Cette politique de sectorisation va se traduire par des modifications majeures de la répartition du soin. Depuis le début de la sectorisation, les nombres de lits d’hospitalisations à temps complet sont en diminution constante (80,81). Il est rapporté une réduction de 27% de lits chez les adultes entre 1991 et 1997 avec une poursuite d’une réduction de 5.4% entre 1999 et 2000. Paradoxalement, il y a une forte augmentation de l’activité des secteurs soit une augmentation de 46% de patients suivis pour les adultes entre 1990 et 1997 (81).

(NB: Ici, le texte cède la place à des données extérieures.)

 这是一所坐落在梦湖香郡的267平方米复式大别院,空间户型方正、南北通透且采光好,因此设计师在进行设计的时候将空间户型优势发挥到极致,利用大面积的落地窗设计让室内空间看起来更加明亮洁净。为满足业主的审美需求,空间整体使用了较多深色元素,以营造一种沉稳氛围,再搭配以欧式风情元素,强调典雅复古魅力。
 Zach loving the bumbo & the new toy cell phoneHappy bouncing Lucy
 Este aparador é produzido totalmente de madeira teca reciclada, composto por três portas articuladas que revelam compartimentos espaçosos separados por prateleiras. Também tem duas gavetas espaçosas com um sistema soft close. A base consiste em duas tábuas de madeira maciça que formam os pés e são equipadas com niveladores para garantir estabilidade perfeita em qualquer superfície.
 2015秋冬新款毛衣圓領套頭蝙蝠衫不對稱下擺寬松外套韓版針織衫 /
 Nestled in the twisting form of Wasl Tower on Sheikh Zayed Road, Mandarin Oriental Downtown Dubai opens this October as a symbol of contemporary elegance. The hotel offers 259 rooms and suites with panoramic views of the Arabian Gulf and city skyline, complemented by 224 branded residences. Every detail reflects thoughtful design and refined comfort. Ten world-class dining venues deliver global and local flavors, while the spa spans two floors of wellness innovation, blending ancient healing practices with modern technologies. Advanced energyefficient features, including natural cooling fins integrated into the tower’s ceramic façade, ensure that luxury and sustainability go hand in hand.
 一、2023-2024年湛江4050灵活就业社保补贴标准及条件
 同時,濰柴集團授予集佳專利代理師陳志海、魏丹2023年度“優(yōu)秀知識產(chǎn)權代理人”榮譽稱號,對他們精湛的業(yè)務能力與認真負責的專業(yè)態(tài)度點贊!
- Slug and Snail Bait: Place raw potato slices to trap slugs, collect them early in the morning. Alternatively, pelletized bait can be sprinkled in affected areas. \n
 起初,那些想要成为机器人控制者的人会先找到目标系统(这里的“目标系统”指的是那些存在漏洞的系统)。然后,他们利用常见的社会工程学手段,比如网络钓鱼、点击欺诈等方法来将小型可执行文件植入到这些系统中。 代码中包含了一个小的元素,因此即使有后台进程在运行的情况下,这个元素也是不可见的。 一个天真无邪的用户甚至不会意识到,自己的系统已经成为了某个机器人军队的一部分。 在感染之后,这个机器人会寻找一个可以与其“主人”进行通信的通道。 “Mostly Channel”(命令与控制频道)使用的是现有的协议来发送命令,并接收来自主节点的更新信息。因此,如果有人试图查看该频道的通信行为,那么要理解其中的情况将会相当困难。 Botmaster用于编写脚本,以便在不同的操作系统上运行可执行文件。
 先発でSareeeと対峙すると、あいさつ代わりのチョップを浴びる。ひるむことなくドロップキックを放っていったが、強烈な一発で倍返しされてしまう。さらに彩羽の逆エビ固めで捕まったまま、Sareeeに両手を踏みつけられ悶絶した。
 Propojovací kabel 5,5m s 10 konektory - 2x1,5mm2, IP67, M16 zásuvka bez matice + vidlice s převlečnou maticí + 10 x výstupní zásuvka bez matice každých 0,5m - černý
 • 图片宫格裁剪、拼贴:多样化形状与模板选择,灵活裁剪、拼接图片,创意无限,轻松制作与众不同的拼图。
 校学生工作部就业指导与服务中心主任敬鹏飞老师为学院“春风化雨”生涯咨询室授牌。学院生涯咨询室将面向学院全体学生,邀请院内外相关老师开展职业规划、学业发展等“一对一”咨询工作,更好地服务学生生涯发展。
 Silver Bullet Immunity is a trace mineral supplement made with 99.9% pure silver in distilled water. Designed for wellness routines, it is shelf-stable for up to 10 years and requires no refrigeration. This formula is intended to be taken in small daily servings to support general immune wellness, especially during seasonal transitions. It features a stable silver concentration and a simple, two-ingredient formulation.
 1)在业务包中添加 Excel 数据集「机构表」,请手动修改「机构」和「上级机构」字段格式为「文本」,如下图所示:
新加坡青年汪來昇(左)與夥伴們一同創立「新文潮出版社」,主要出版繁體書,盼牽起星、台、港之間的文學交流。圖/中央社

Parallèlement, les malades vivent de plus en plus au sein de la communauté et essentiellement dans leurs familles. En France, dans les années 1990, des enquêtes sociologiques montrent que trois quarts des malades mentaux vivent habituellement en milieu ordinaire et un quart en institution médicale ou sociale (82). Pour ceux non institutionnalisés, l’aide au maintien à domicile est essentiellement apportée par l’entourage familial que ce soit sur le plan matériel ou affectif. En sachant qu’en milieu ordinaire, plus de 6 malades sur 10 vivent essentiellement avec leur famille, soit 4 fois sur 5 avec leur parent ou l’un au moins d’entre eux (82). Au cours des dernières décennies, il y a donc un véritable déplacement du temps de vie du patient de l’institution au domicile familial.

38 La psychiatrie s’est fondée en tant que discipline médicale au début du XIXe siècle à travers la psychiatrie asilaire. Cette dernière était basée sur le traitement moral des aliénés au sein de l’institution psychiatrique. Après la Seconde Guerre mondiale, la psychiatrie connait une vague de désinstitutionnalisation médiée par le mouvement antipsychiatrie et la découverte des neuroleptiques. Il s’en suit une psychiatrie dont les soins sont orientés essentiellement vers la communauté. En France, la psychiatrie communautaire prend le nom de la psychiatrie de secteur. Les temps d’hospitalisation sont réduits. De ce fait, il y a un véritable déplacement du temps de vie du patient de l’institution au domicile familial.